Task statement: Leave out the pictures, and retype the remaining data exactly.
-- Information shown follows --
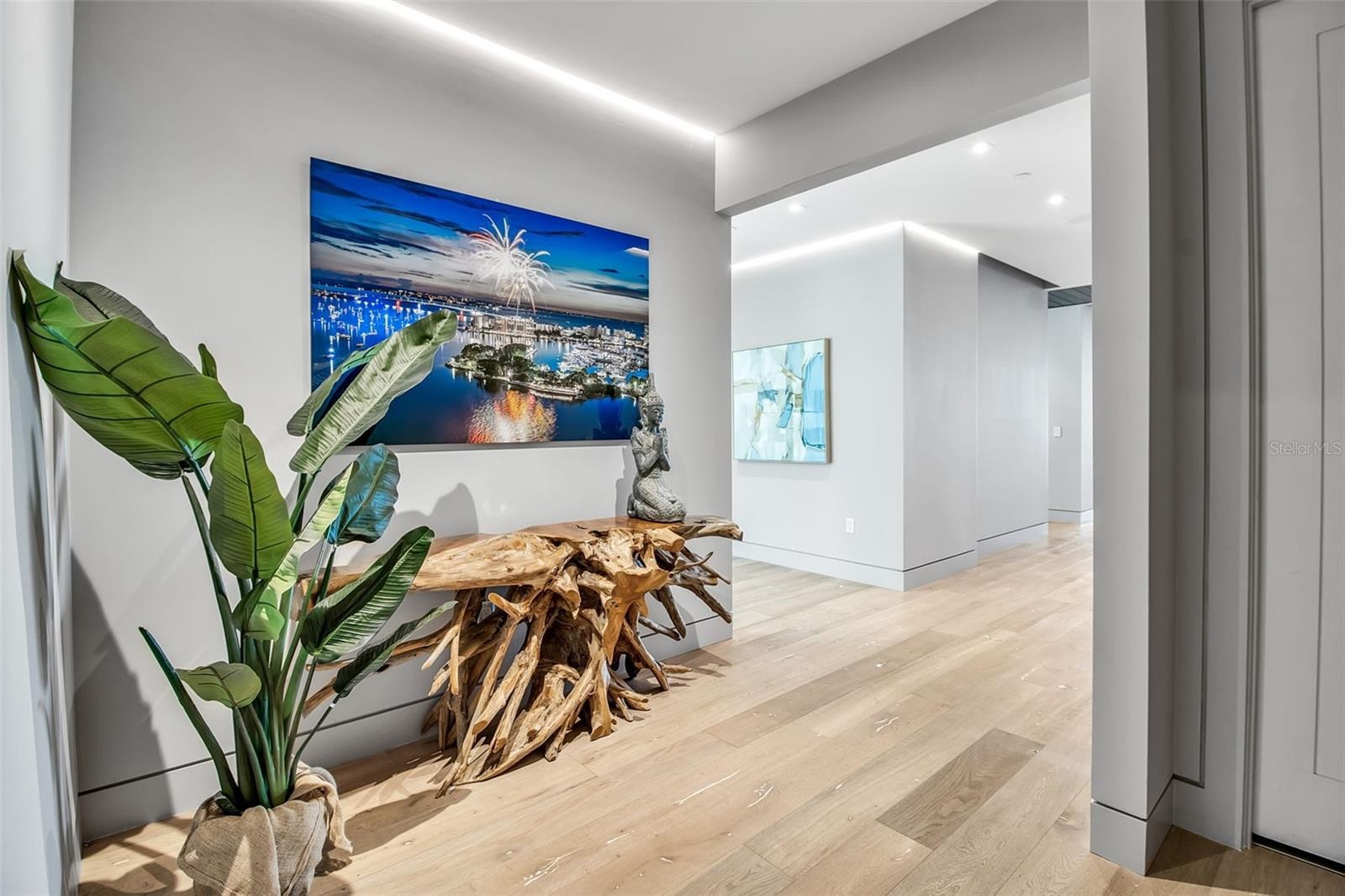 Arrive by private elevator directly to the grand foyer of this tenth-floor residence at the Ritz-Carlton Tower Residences, ideally positioned within the coveted ’05 stack—widely considered the premier vantage point in the building. This preferred orientation captures sweeping, unobstructed panoramas of Sarasota Bay and the Ritz-Carlton marina, complemented by spectacular west-facing sunsets. Artist-crafted glass double entry doors with custom illuminated accents provide a striking arrival and set a tone of understated elegance throughout. Residence #1005 offers a highly sought-after four-bedroom layout with four full baths, thoughtfully designed for both refined entertaining and everyday comfort. An open-concept floor plan is enhanced by wood flooring throughout and anchored by a centrally located kitchen featuring a breakfast bar, stainless-steel appliances, dual convection ovens, and an induction cooktop. Floor-to-ceiling, hurricane-rated windows flood the interior with natural light, while two expansive terraces extend the living space outdoors for effortless entertaining. A split-bedroom design ensures exceptional privacy for owners and guests. The primary suite is distinguished by a double-door entry and custom underlit accent shelving, an en-suite marble bath with dual split vanities, private water closet and custom-fitted walk-in closets. The fourth bedroom / study serves as a versatile retreat, highlighted by a gas fireplace framed by floor-to-ceiling built-in cabinetry and an adjacent full bath. A new HVAC system installed in 2025 adds comfort and peace of mind. The residence includes two assigned under-building parking spaces—one conveniently located near the side lobby entrance. Additionally, 2 climate-controlled storage units, one conveniently located just outside the residence. The pet-friendly Tower Residences offer the legendary Ritz-Carlton lifestyle, featuring dedicated private concierge service, a state-of-the-art fitness center, massage and wellness rooms, sauna, resort-style heated pool and spa, private theater, and beautifully appointed social and entertaining spaces. Recent enhancements include a reimagined lobby and entry experience, refreshed landscaping, and an inviting outdoor lounge with grilling facilities. Additional conveniences include 24-hour in-residence dining, a private interior corridor with direct access to the Ritz-Carlton Hotel’s amenities, restaurants, and spa, as well as valet parking for residents and guests. Perfectly positioned along Sarasota’s Bayfront and downtown corridor, with easy access to St. Armands Circle, Lido Beach, cultural attractions, and fine dining, this exceptional offering represents a rare opportunity to secure one of the most desirable residences within the Tower.
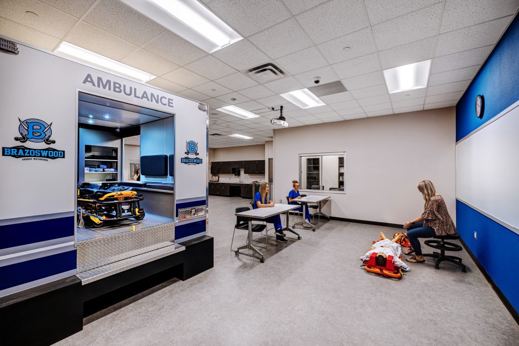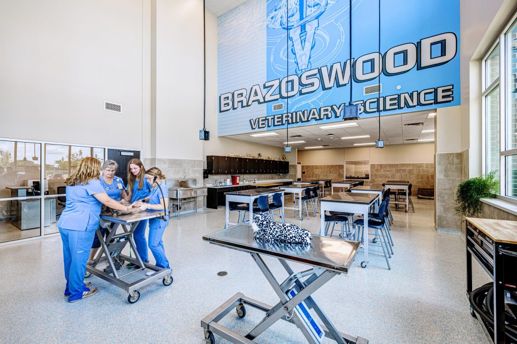 DBR Engineering worked with VLK Architects on the newly constructed Brazoswood High School Career & Technical Education (CTE) Center in Clute, Texas for Brazosport ISD. The 91,000-square-foot facility includes classrooms, laboratories, and program spaces for culinary arts, welding, manufacturing, veterinary technology, floral design, health sciences, information technology, and general STEM education. The building also features a business lab, a cosmetology lab, and a broadcasting studio.
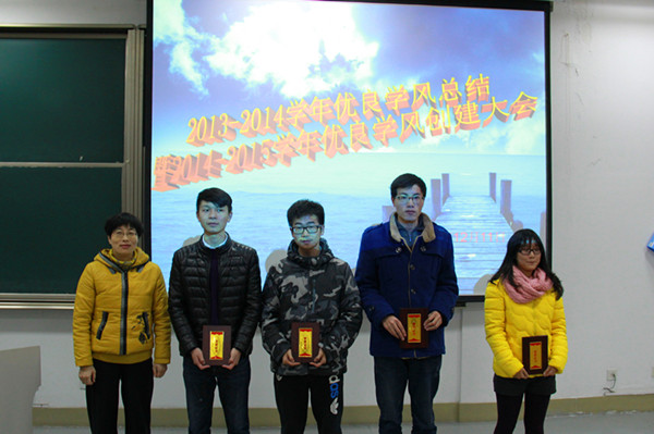 首先,朱彬娴老师对学院2013-2014学年的评奖评优工作进行总结,并重点强调奖学金评定细则的要求及相关注意事项。然后由胡鹿鸣老师宣读13-14学年获得学校“优良学风示范班”、“优良学风班”和学院“优良学风创建班”等荣誉称号的班级,并为他们颁奖。
-- Information shown concluded --
The completed task:
 Arrive by private elevator directly to the grand foyer of this tenth-floor residence at the Ritz-Carlton Tower Residences, ideally positioned within the coveted ’05 stack—widely considered the premier vantage point in the building. This preferred orientation captures sweeping, unobstructed panoramas of Sarasota Bay and the Ritz-Carlton marina, complemented by spectacular west-facing sunsets. Artist-crafted glass double entry doors with custom illuminated accents provide a striking arrival and set a tone of understated elegance throughout. Residence #1005 offers a highly sought-after four-bedroom layout with four full baths, thoughtfully designed for both refined entertaining and everyday comfort. An open-concept floor plan is enhanced by wood flooring throughout and anchored by a centrally located kitchen featuring a breakfast bar, stainless-steel appliances, dual convection ovens, and an induction cooktop. Floor-to-ceiling, hurricane-rated windows flood the interior with natural light, while two expansive terraces extend the living space outdoors for effortless entertaining. A split-bedroom design ensures exceptional privacy for owners and guests. The primary suite is distinguished by a double-door entry and custom underlit accent shelving, an en-suite marble bath with dual split vanities, private water closet and custom-fitted walk-in closets. The fourth bedroom / study serves as a versatile retreat, highlighted by a gas fireplace framed by floor-to-ceiling built-in cabinetry and an adjacent full bath. A new HVAC system installed in 2025 adds comfort and peace of mind. The residence includes two assigned under-building parking spaces—one conveniently located near the side lobby entrance. Additionally, 2 climate-controlled storage units, one conveniently located just outside the residence. The pet-friendly Tower Residences offer the legendary Ritz-Carlton lifestyle, featuring dedicated private concierge service, a state-of-the-art fitness center, massage and wellness rooms, sauna, resort-style heated pool and spa, private theater, and beautifully appointed social and entertaining spaces. Recent enhancements include a reimagined lobby and entry experience, refreshed landscaping, and an inviting outdoor lounge with grilling facilities. Additional conveniences include 24-hour in-residence dining, a private interior corridor with direct access to the Ritz-Carlton Hotel’s amenities, restaurants, and spa, as well as valet parking for residents and guests. Perfectly positioned along Sarasota’s Bayfront and downtown corridor, with easy access to St. Armands Circle, Lido Beach, cultural attractions, and fine dining, this exceptional offering represents a rare opportunity to secure one of the most desirable residences within the Tower.
 DBR Engineering worked with VLK Architects on the newly constructed Brazoswood High School Career & Technical Education (CTE) Center in Clute, Texas for Brazosport ISD. The 91,000-square-foot facility includes classrooms, laboratories, and program spaces for culinary arts, welding, manufacturing, veterinary technology, floral design, health sciences, information technology, and general STEM education. The building also features a business lab, a cosmetology lab, and a broadcasting studio.
 首先,朱彬娴老师对学院2013-2014学年的评奖评优工作进行总结,并重点强调奖学金评定细则的要求及相关注意事项。然后由胡鹿鸣老师宣读13-14学年获得学校“优良学风示范班”、“优良学风班”和学院“优良学风创建班”等荣誉称号的班级,并为他们颁奖。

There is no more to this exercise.